If you can finish your masters and get a degree from a UK university, it will be MUCH easier for you to qualify for a work visa than if you just quit the masters (in fact, it's likely to be next to impossible to qualify for a work visa without completing your masters).
Without a UK degree, you won't be able to get sponsorship unless:
a) the job is listed on the skills shortage list (usually these are higher-up, management-level jobs for people with several years of experience)
or
b) the UK company has advertised the job across the UK and entire EU for a certain amount of time and have found no suitable candidates for the job (the Resident Labour Market Test). With unemployment still high and 500 million people in the EU, this can be almost impossible.
But if you have a degree from a UK university and you are still in the UK on a valid Tier 4 visa once you have finished the degree, you don't have to meet either of these requirements. The company can sponsor you WITHOUT the job needing to be on the shortage list and WITHOUT needing to pass the Resident Labour Market test.

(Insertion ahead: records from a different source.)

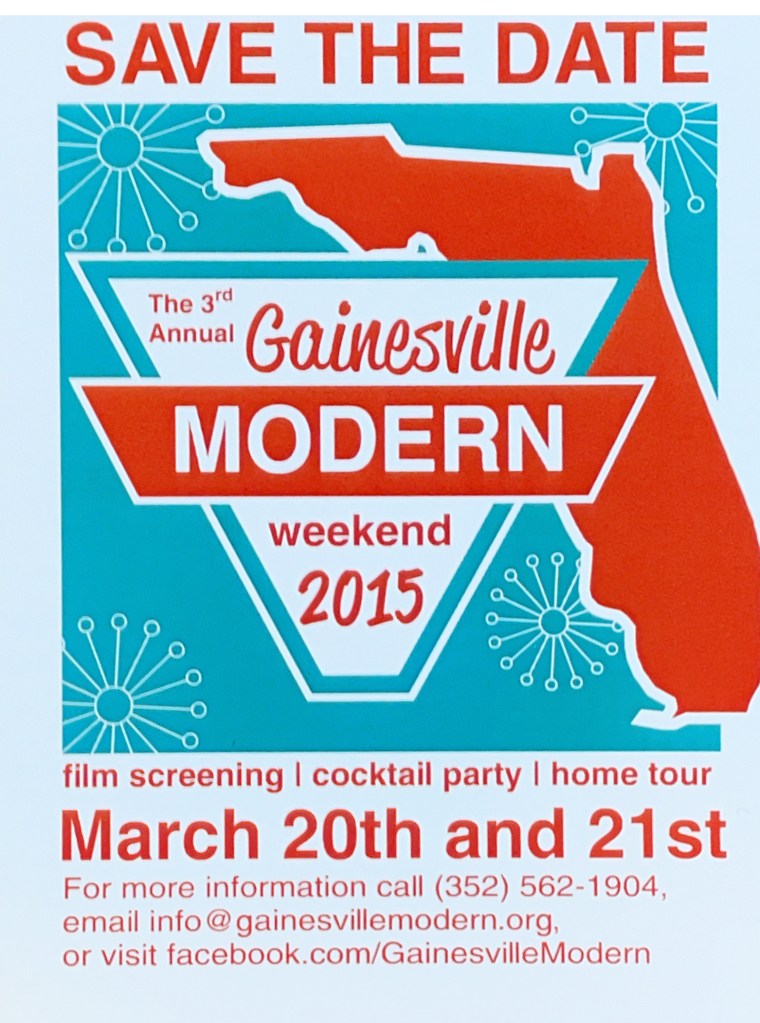 2015 – Third Annual Mid-Century Modern Home Tour 1960 – Gainesville Country Club, 6812 SW 35th Way, Gainesville, Florida1967 – Fitzpatrick Residence, Architects Lester May and Jack Moore, Gwynn Oaks Neighborhood, 4420 Clear Lake Drive, Gainesville, Florida1966 – Block Residence, Black Acres Neighborhood, 2906 SW 2nd Avenue, Gainesville, Florida1962 – Clark Residence, Builder Jack Clark, Libby Heights Neighborhood, 1004 NW 34th Street, Gainesville, Florida1964 – Weil -Cassisi Residence, Architect Harry Merritt, Colclough Hills Neighborhood, 3105 SW 5th Court, Gainesville, Florida1950 – Flowers Residence, Architect M.H. Johnson, Kirkwood Neighborhood, 2815 SW 8th Drive, Gainesville, Florida JGI General Construction Clarrisa Carr Graphic Designe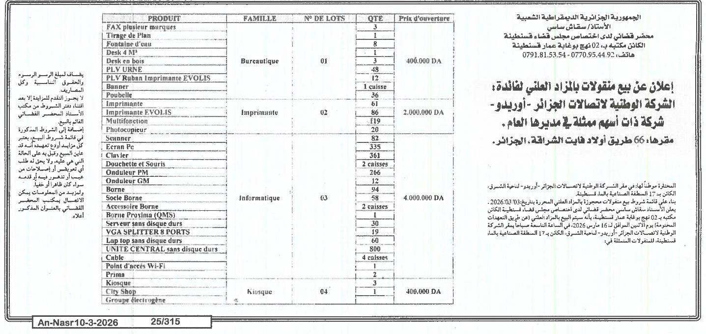 | Paru dans le journal : النصر | |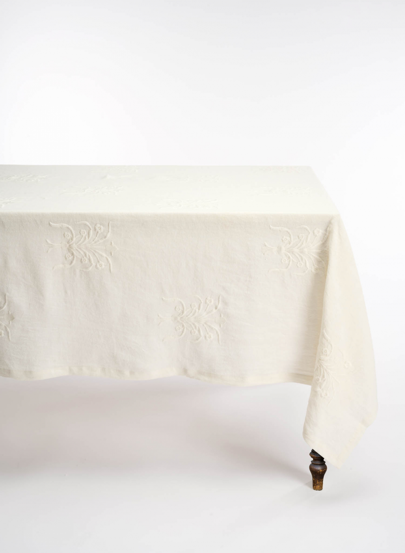 Floral-duken skapar en varm, elegant atmosfär vid både vardagliga måltider och festliga tillfällen. Den sobra designen och den broderade blomman gör den till en mångsidig och stilfull pjäs att återvända till år efter år.

Also, if you haven't finished your degree yet, I believe you will have to return to the US to apply for a work visa - as I understand it you can't switch from a Tier 4 visa to a Tier 2 work visa in-country if you don't have a UK degree.
See:
https://www.gov.uk/tier-2-general/switch-to-this-visaand
http://www.ukcisa.org.uk/International-Students/The-next-stage/Working-after-your-studies/Employment-Tier-2/Resident-Labour-Market-Test-and-exemptions/Alternatively, you mentioned in a previous post that you have an Irish boyfriend - if you were to marry him and apply for an EEA 5-year residence card, you wouldn't need to be sponsored for a work visa at all - you would have the right to live and work in the UK, in any job you like, without needing a work visa.